— Given information —
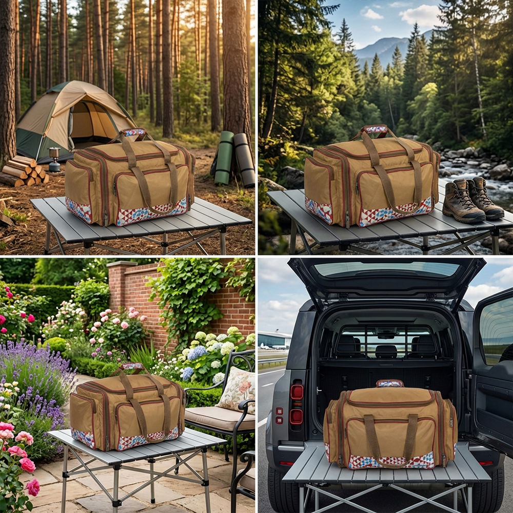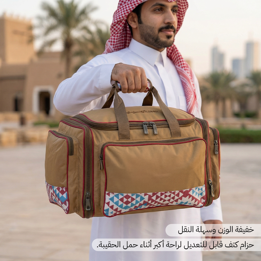 شنطة عزبة المستوي للرحلات من السنيدي هي الخيار المثالي للرحلات البرية والسفر، بفضل تصميمها القابل للطي والمواد المتينة التي توفر لك الراحة والمرونة في تنظيم وحمل الأغراض.
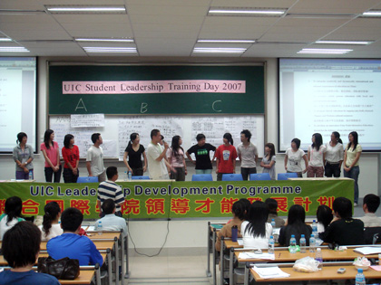 There were around 100 students who had taken part in the program. The whole day training was begun with the welcoming remarks by the chairman of the Staff and Students Relation Committee, Prof. Sarker. During the training, Mrs. Maria Shing (Director of Student Affairs) introduced the concept of “Servant Leadership”. As follow, Mr. Johnston Huang (Director of UIC Volunteer Service Development Centre) and Mr. Y. F. Ng (Head of Counseling and Personal Growth Unit) shared the knowledge and experience of organization management, student activities planning and budgeting, as well as skills for holding meetings.
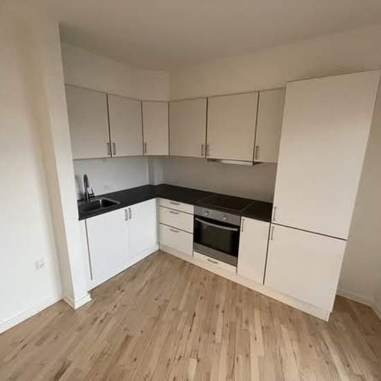 Lovely 2-room apartment with elevator near Aalborg city centre Well-maintained apartment with a good room layout. In the entrance hall there are built-in cupboards for outerwear and storage. The bathroom is nice and spacious, bright and modern. The kitchen/living room is relatively large and has access to the balcony, which faces west and therefore gets plenty of sun. There is a dishwasher in the kitchen. There is also a bedroom with space for a double bed. The building is located right next to Østre Anlæg, so it’s not far from green areas...
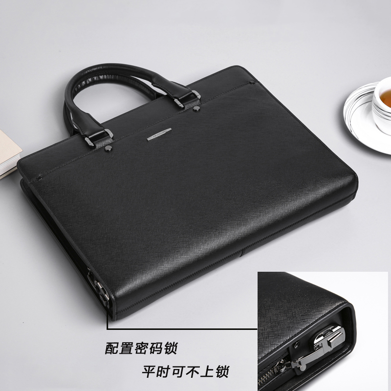 Leather men's bag briefcase men's handbag hand holding password lock briefcase men's business bag civil servant bag genuine leather

— Your goal —
Print the listing exactly, pictures excluded.

— Answer box —
 شنطة عزبة المستوي للرحلات من السنيدي هي الخيار المثالي للرحلات البرية والسفر، بفضل تصميمها القابل للطي والمواد المتينة التي توفر لك الراحة والمرونة في تنظيم وحمل الأغراض.
 There were around 100 students who had taken part in the program. The whole day training was begun with the welcoming remarks by the chairman of the Staff and Students Relation Committee, Prof. Sarker. During the training, Mrs. Maria Shing (Director of Student Affairs) introduced the concept of “Servant Leadership”. As follow, Mr. Johnston Huang (Director of UIC Volunteer Service Development Centre) and Mr. Y. F. Ng (Head of Counseling and Personal Growth Unit) shared the knowledge and experience of organization management, student activities planning and budgeting, as well as skills for holding meetings.
 Lovely 2-room apartment with elevator near Aalborg city centre Well-maintained apartment with a good room layout. In the entrance hall there are built-in cupboards for outerwear and storage. The bathroom is nice and spacious, bright and modern. The kitchen/living room is relatively large and has access to the balcony, which faces west and therefore gets plenty of sun. There is a dishwasher in the kitchen. There is also a bedroom with space for a double bed. The building is located right next to Østre Anlæg, so it’s not far from green areas...
 Leather men's bag briefcase men's handbag hand holding password lock briefcase men's business bag civil servant bag genuine leather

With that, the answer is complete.